Task to carry out: For this exercise, retype each line of the material below verbatim and omit any picture.
Start of Data provided
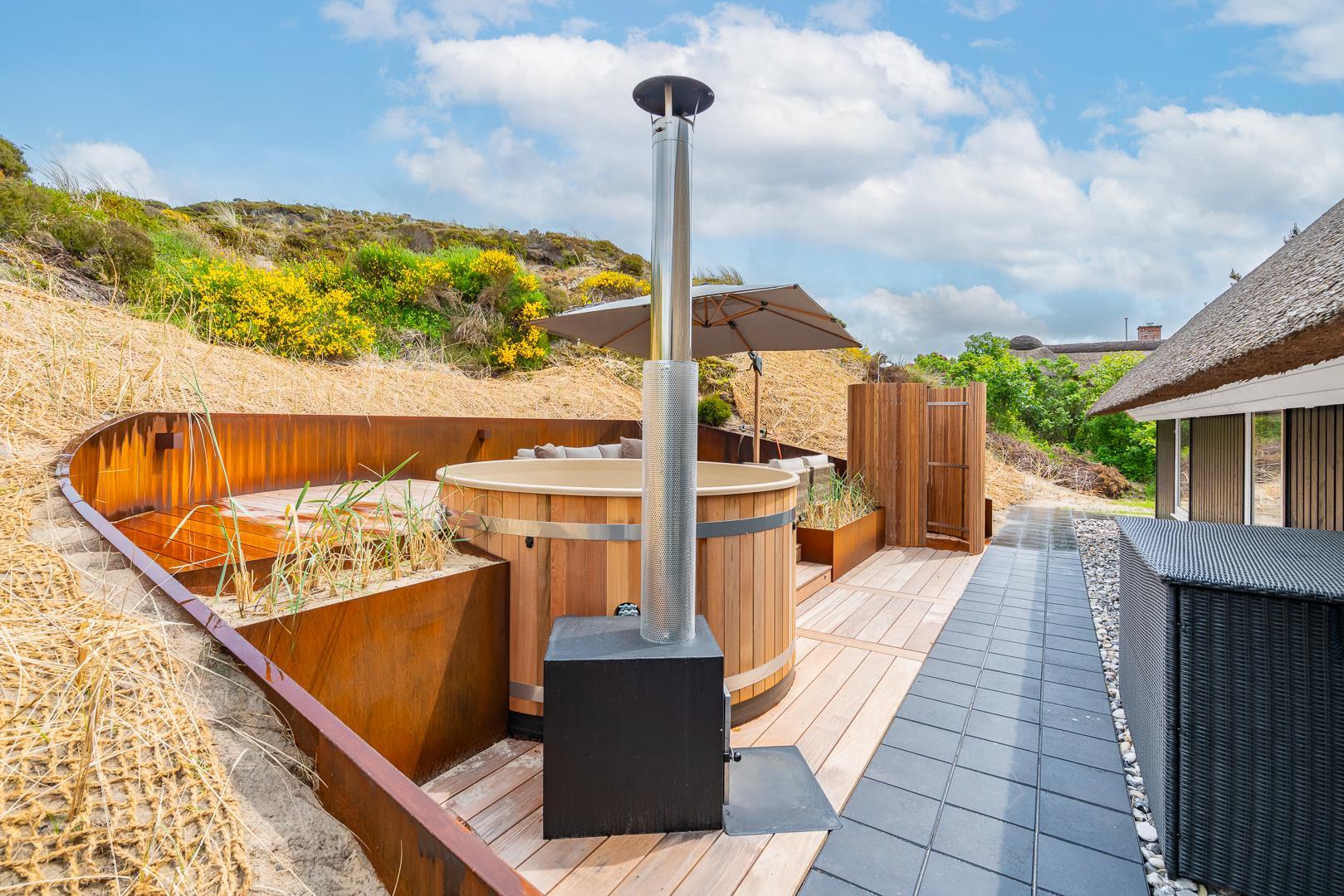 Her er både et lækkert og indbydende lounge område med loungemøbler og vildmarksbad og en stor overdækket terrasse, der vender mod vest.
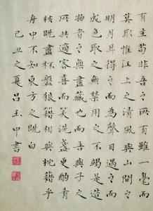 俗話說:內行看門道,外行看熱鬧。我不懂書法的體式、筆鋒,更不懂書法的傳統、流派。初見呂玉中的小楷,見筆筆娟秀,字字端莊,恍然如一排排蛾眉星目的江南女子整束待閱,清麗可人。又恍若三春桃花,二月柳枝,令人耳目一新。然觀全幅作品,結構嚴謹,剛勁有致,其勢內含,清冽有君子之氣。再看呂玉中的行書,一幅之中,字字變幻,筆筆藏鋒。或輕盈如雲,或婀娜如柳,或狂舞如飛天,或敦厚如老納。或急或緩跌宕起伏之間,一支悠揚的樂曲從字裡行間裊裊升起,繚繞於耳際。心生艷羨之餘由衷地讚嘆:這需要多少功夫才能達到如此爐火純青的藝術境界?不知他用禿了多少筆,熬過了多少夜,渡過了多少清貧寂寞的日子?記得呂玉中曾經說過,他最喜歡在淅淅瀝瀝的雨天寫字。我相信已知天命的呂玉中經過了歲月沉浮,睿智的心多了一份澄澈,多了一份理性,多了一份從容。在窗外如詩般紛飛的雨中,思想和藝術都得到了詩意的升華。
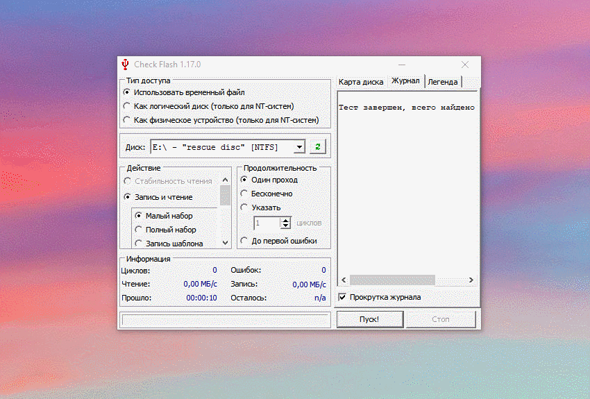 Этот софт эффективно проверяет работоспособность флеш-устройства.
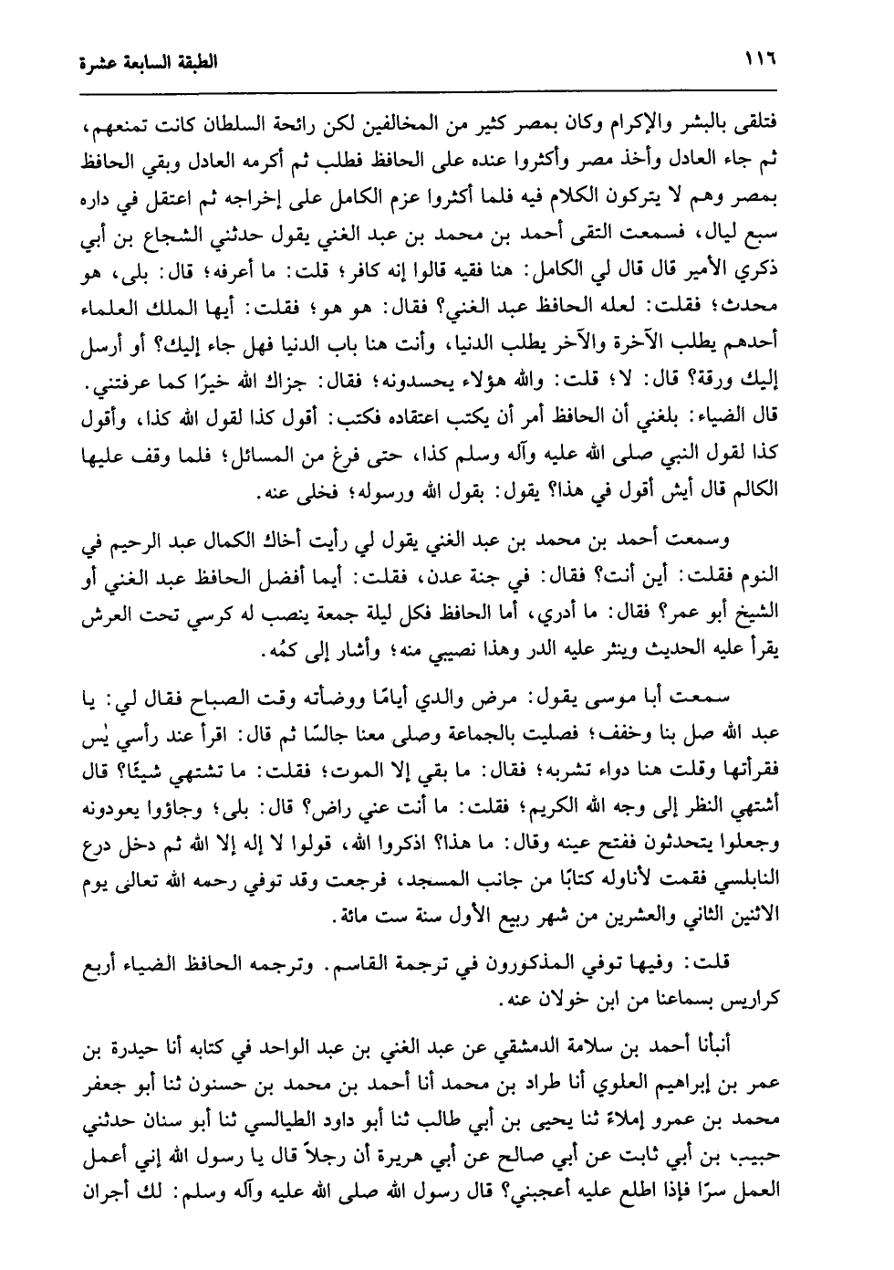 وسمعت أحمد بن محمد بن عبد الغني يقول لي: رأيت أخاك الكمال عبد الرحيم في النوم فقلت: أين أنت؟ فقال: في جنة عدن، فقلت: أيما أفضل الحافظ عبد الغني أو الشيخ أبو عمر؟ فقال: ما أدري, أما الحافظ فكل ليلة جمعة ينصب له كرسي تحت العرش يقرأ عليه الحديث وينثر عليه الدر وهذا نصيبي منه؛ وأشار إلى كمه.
End of Data provided
Result for this exercise:
 Her er både et lækkert og indbydende lounge område med loungemøbler og vildmarksbad og en stor overdækket terrasse, der vender mod vest.
 俗話說:內行看門道,外行看熱鬧。我不懂書法的體式、筆鋒,更不懂書法的傳統、流派。初見呂玉中的小楷,見筆筆娟秀,字字端莊,恍然如一排排蛾眉星目的江南女子整束待閱,清麗可人。又恍若三春桃花,二月柳枝,令人耳目一新。然觀全幅作品,結構嚴謹,剛勁有致,其勢內含,清冽有君子之氣。再看呂玉中的行書,一幅之中,字字變幻,筆筆藏鋒。或輕盈如雲,或婀娜如柳,或狂舞如飛天,或敦厚如老納。或急或緩跌宕起伏之間,一支悠揚的樂曲從字裡行間裊裊升起,繚繞於耳際。心生艷羨之餘由衷地讚嘆:這需要多少功夫才能達到如此爐火純青的藝術境界?不知他用禿了多少筆,熬過了多少夜,渡過了多少清貧寂寞的日子?記得呂玉中曾經說過,他最喜歡在淅淅瀝瀝的雨天寫字。我相信已知天命的呂玉中經過了歲月沉浮,睿智的心多了一份澄澈,多了一份理性,多了一份從容。在窗外如詩般紛飛的雨中,思想和藝術都得到了詩意的升華。
 Этот софт эффективно проверяет работоспособность флеш-устройства.
 وسمعت أحمد بن محمد بن عبد الغني يقول لي: رأيت أخاك الكمال عبد الرحيم في النوم فقلت: أين أنت؟ فقال: في جنة عدن، فقلت: أيما أفضل الحافظ عبد الغني أو الشيخ أبو عمر؟ فقال: ما أدري, أما الحافظ فكل ليلة جمعة ينصب له كرسي تحت العرش يقرأ عليه الحديث وينثر عليه الدر وهذا نصيبي منه؛ وأشار إلى كمه.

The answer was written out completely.